James pegou o bilhete na caixinha, e leu mais uma vez os dizeres daquele enigma.
Estava tão óbvio e ao mesmo tempo tão disperso… se ao menos tivesse pelo menos uma dica mais direcionada…
Ao olhar novamente para a montanha que estava desenhada com areia e seu sangue, de repente pensou em algo:
“Se eu fosse uma deusa… Onde eu esconderia uma pista dessa?”. Pensou, se vendo escondendo algo importante em alguma dessas montanhas, e nunca lhe parecia ser certo tentar chutar ser alguma delas.
Até que se lembrou que Kýrios e Psiquê gostavam de rodar o mundo em lugares exóticos e turísticos importantes…
“Será que seriam tão loucos de visitar e ter suas aventuras num lugar tão inóspito como aquele que tantos alpinistas perdiam suas vidas? Não que esse este segundo item fosse um problema para eles, mas… é obvio demais. Mas também…” Pensou.
Era um chute com chance de um em cem. E eles não tinham o direito de errar o lugar.
Se pudessem ter mais tempo…
— Eu arrisco no Monte Fuji. — disse James por fim, interrompendo os murmúrios do grupo — “Na primavera florescem”, isso faz referência a alguma flor. E uma vez minha mãe disse que me levaria para conhecer as cerejeiras do Oriente. “Façam suas oferendas, e todos seus bons desejos, serão realizados com festejos”, isso só pode significar uma data comemorativa. E nós sabemos que cada país tem a sua. Mas a que mais conheço pelas histórias é o das cerejeiras, no Japão. O desenho dessa montanha poderia ser o Everest, mas tudo apontou que era uma montanha de região oriental. — Tomou fôlego para continuar — “Na manhã seguinte, quando olho para o sol.” Todos nós sabemos que quando amanhece, e quando olhamos para o sol, ele sempre aparece no leste, onde o sol nasce. O que embasa ainda mais o argumento de que seja esse país, que é o conhecido como “A terra do sol nascente”. Agora, a questão é: Devemos procurar na cidade ou na montanha? Eu arriscaria que fosse na montanha, pelo perfil de toda essa trajetória que fizemos até aqui. Psiquê não iria deixar uma pista assim num lugar tão óbvio e popular como Tókio, por exemplo. Mas também pode ser o contrário. Aquela velha psicologia reversa e tudo mais.
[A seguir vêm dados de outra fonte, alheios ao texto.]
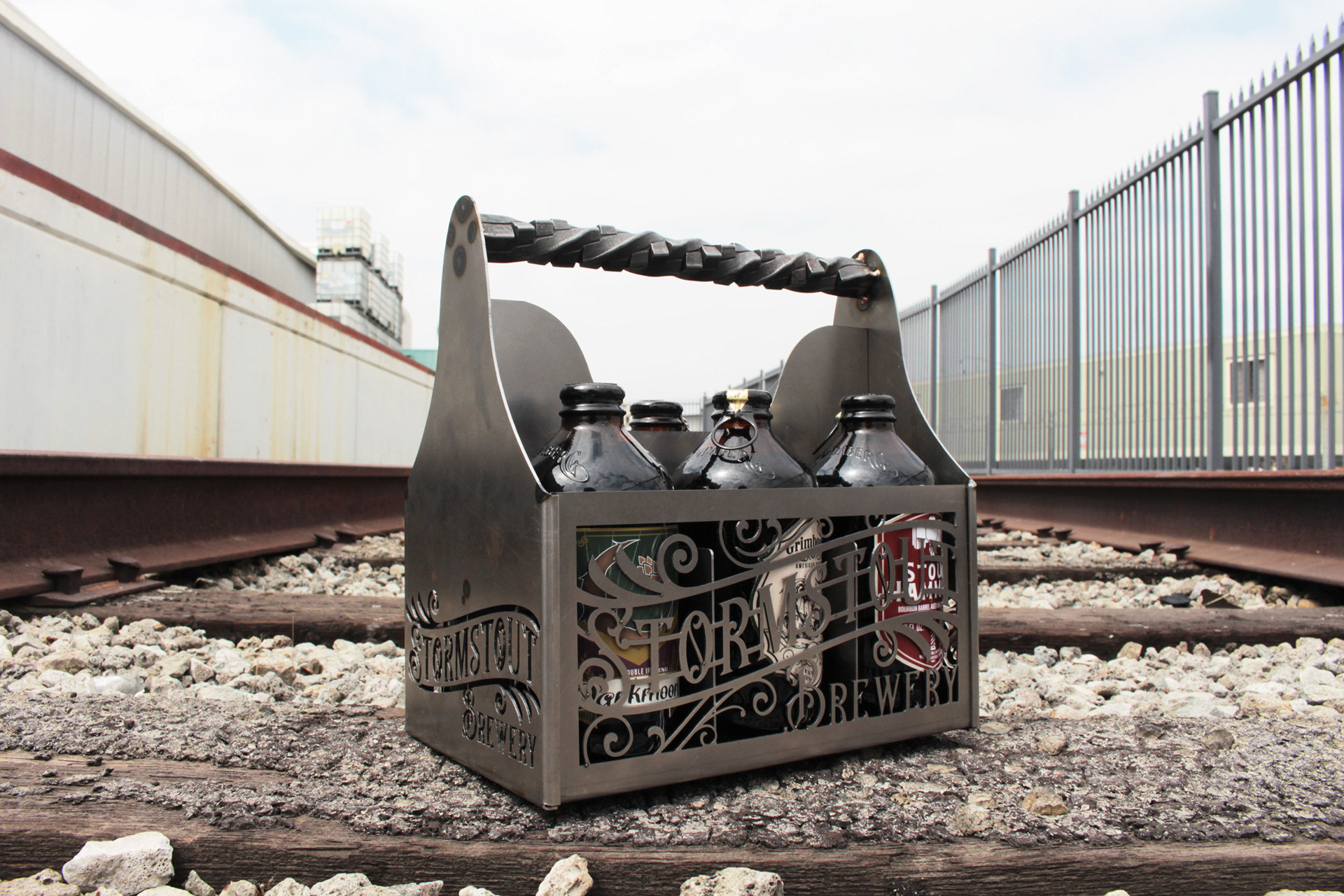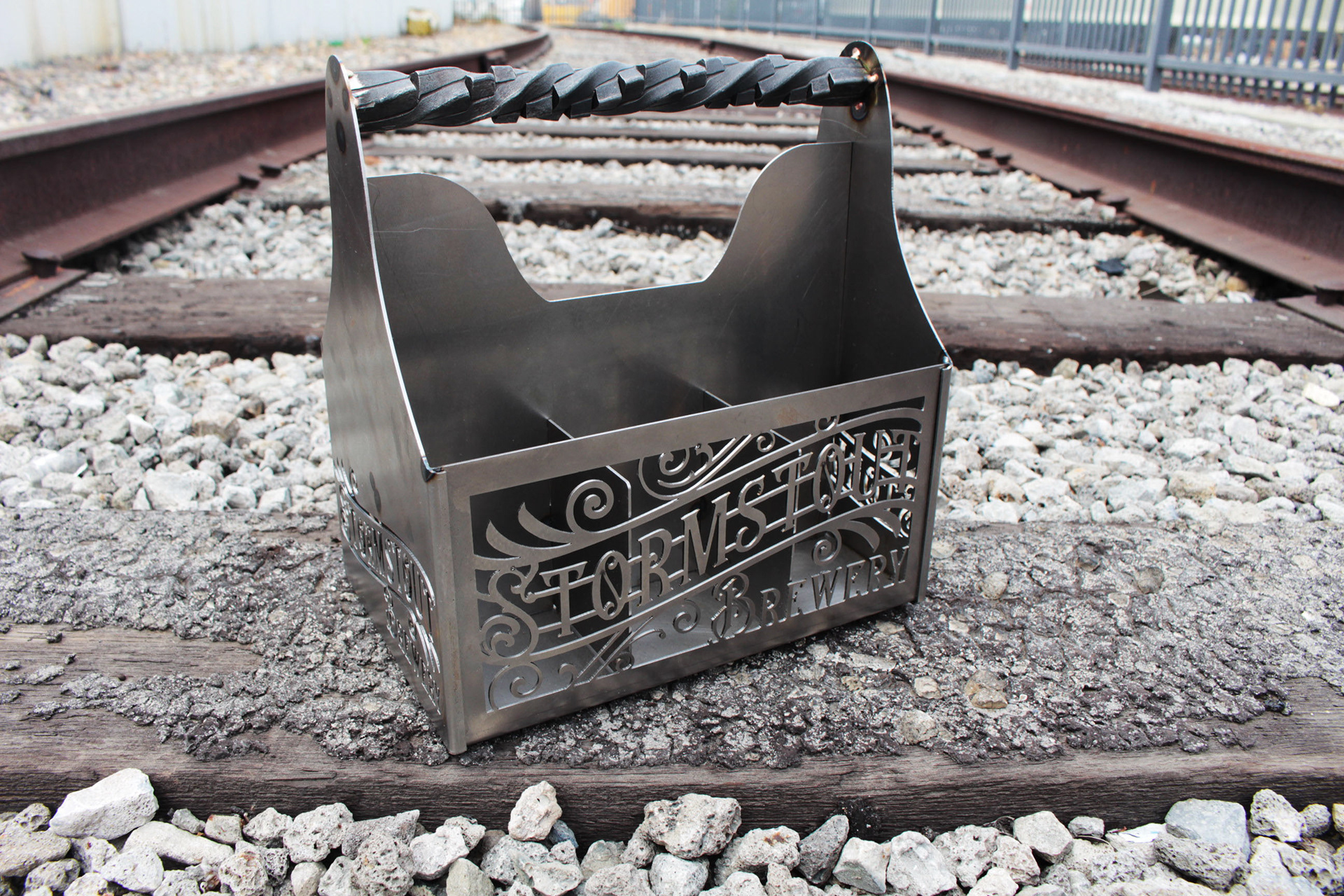 Created a six pack sampler for a brewery. Its lazer cut out of 18 Gauge steel and welded together. The handle is a hand forged Rubik's Twist bar also made from steel. Each bottle has a different label designed and adhered to it.

Todos ficaram olhando admirados para o rapaz, até Ares cortar o silêncio batendo palmas.
— Não esperava menos do pretendente de meu filho.
James corou, queria rebater argumentando ou negando, mas seria em vão, só causaria ainda mais embaraços e confusão.
Tânatos, Panoptes e Li-Hua lhe miravam curiosos. O que o fez pensar “Por favor, acreditem em mim, já basta esse deus louco praticamente me casando com o filho dele.”
— Obrigado pelo elogio… — disse, voltando a se sentar, pegando um galho, fazendo pontos no mapa de areia — Então, o que me dizem? Tókio ou Monte Fuji? Temos a lança que está com um alcance de um raio de cem quilômetros agora. O que significa umas… duas ou três horas de viagem. É a única vantagem que temos, menos tempo gasto. Se tudo ocorrer bem, é claro.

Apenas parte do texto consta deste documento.